Зачем нам Пальмира?

Борис МЕЖУЕВ, философ

13.11.2019

Минкульт поддержал предложение патриарха о введении общего культурологического курса в школьную программу. Речь в данном случае идет о появлении дисциплины, рассказывающей об основах именно русской культуры. Начинание, безусловно, интересное и важное, хотя возникает естественный вопрос: чем культурологический курс будет отличаться от совокупности гуманитарных предметов, с одной стороны, то есть истории, литературы, музыки, изобразительного искусства, и Основ православной культуры — ​с другой? Не приведет ли появление нового предмета к постепенному сокращению часов, отпущенных на остальные?

В принципе, я придерживаюсь того мнения, что культура — ​всегда чужое достояние. То, что связывает меня с предками, — ​это традиция, то, что сближает с собратьями по вере, — ​это религия, то, что роднит с соплеменниками, — ​это, помимо веры и традиции, еще язык и политическая солидарность.
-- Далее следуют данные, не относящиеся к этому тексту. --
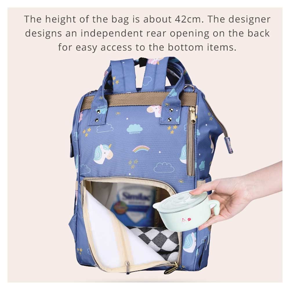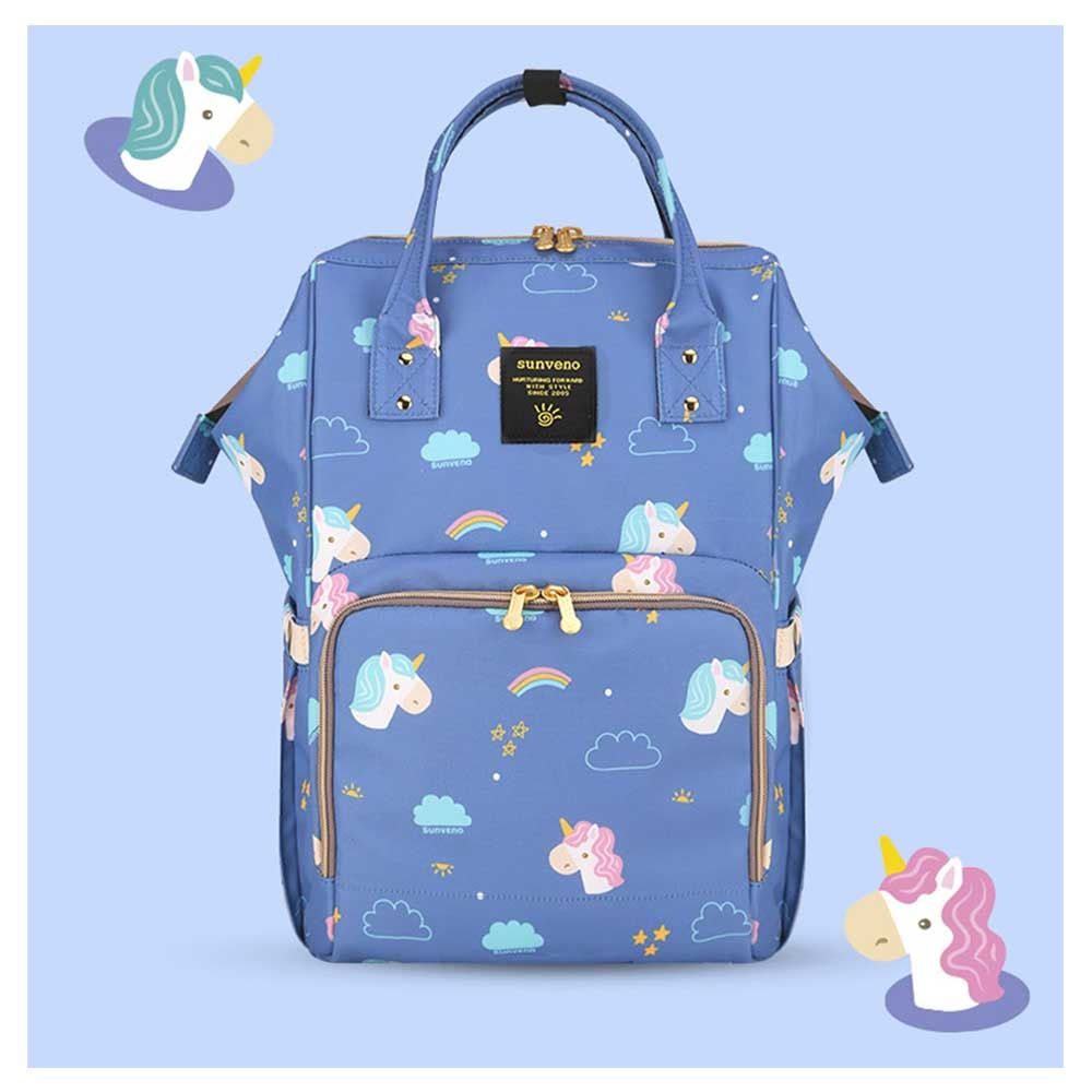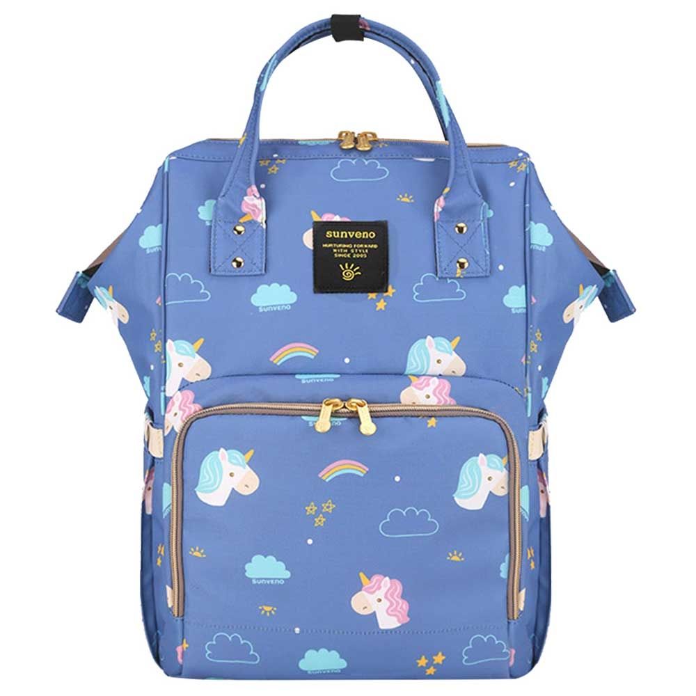 For the Stylish and Traveller Mom's, this Unicorn Diaper Bag is the best. This Sunveno diaper bag comes with beautiful unicorn print and a lovely subtle blue color to make this extremely spacious bag, turn heads around. The wide zipper opening with metal support and beautifully crafted golden zippers give this bag a royal look. Despite all the space and accessories, this a light weight bag weighing only 750 gms, not even a Kg. The unique features being the back opening zipper and tissue/wipes holder side pocket, both of these allow you easy access when you need tissues and clothes handy. A key chain holder helps you to access your house and car keys, when your one hand is busy carrying your little munchkin. Use it for twins or siblings, you would love to pack your bags on the go
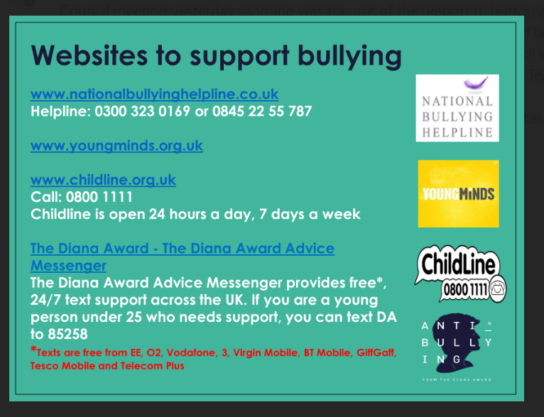 Online resources are available for students to access for support if they are experiencing issues with bullying.
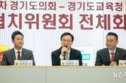 (뉴스핏 = 김수진 기자) 경기도교육청과 경기도의회가 2026년도 본예산 편성 과정에서 총 2000억 원 규모의 협치 예산을 공동으로 추진하기로 합의하며 교육 협력의 새로운 전기를 열었다. 경기도교육청은 5일 도의회 예담채에서 ‘경기도의회-경기도교육청 제1차 여야정 협치위원회 전체회의’를 개최했다. 이번 회의는 도의회와 교육청이 함께 2026년도 협치 예산 합의문에 서명하며 지속 가능한 교육정책 협력체계를 공고히 하고자 마련됐다. 공동의장 3인은 합의문에 서명하며 교육청과 도의회 간 협치의지를 공식화했다. 합의를 통해 ▲현장 중심 학교운영 ▲교육행정 개선 ▲미래교육 전환 ▲교육환경 개선 ▲맞춤형 교육확대 등 5대 분야 총 2,000억 원 규모 협치 예산을 공동 추진하기로 했다. 임태희 교육감은 인사 말씀을 통해 “여야정 협의가 늘 화두로 떠오르는데 실제로 결실은 많치 않다”며 “이런 점에서 대단히 성숙하고 건강한 도정의 협치 모습을 보이는 현장이라고 생각한다”고 말했다. 이어 “최종적으로 학생과 교육 현장의 학부모, 교직원들을 위해 앞으로 후속 조치를 함께 해주시길 바란다”며 “이견이 생기더라도 목표가 같기 때문에 허심탄회하게 대응하고 협치로 경기미래교육의

Культура — ​то, что связывает меня как раз с чужими, с теми, кто не родственен мне по вере, по крови, с кем я не должен совместно защищать нашу общую национальную или цивилизационную судьбу.

Людям вообще не свойственно охотно принимать чужаков, этничность, кроме собственной, для многих обычно ассоциируется с негативными характеристиками. Одни этносы хитрые, другие жестокие, третьи вероломные. Хороший этнос зачастую только собственный. Люди так бы и продолжали относиться друг к другу, если бы на помощь не пришла культура. Мы не любим англичан за их высокомерие и равнодушие к другим, но мы любим Шекспира и Диккенса и подчас принимаем английское как почти свое, не будучи сами британцами и зачастую даже относясь враждебно к британской политике. Так и рождается представление о взаимообогащении культур и равенстве языков — ​каждая чужая речь и чужой образ мысли обогащает наш собственный опыт. Это, кстати, и есть гуманизм — ​представление о том, что человек рожден вобрать в себя духовный опыт всего человечества.
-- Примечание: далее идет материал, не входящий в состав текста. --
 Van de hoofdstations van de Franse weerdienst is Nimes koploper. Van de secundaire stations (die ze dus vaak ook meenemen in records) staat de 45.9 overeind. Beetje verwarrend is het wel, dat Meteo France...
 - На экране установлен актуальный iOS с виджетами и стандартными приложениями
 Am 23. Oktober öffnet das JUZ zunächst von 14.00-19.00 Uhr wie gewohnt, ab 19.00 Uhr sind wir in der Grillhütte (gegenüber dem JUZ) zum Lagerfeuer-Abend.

Мы, разумеется, уже не исповедуем язычество и не собираемся молиться в храмах Изиды и Сераписа, но когда исламистские боевики взрывают памятники Пальмиры, без тени сомнения называем их «вандалами». Потому что в своем религиозном фанатизме они не сознают ценности чужой культуры. Но если бы взорвали русский православный храм, мы бы отнеслись к этому не как к акту вандализма, а увидели бы нечто худшее. Верующие узрели бы богоборчество и сатанизм, агностики — ​агрессивную русофобию.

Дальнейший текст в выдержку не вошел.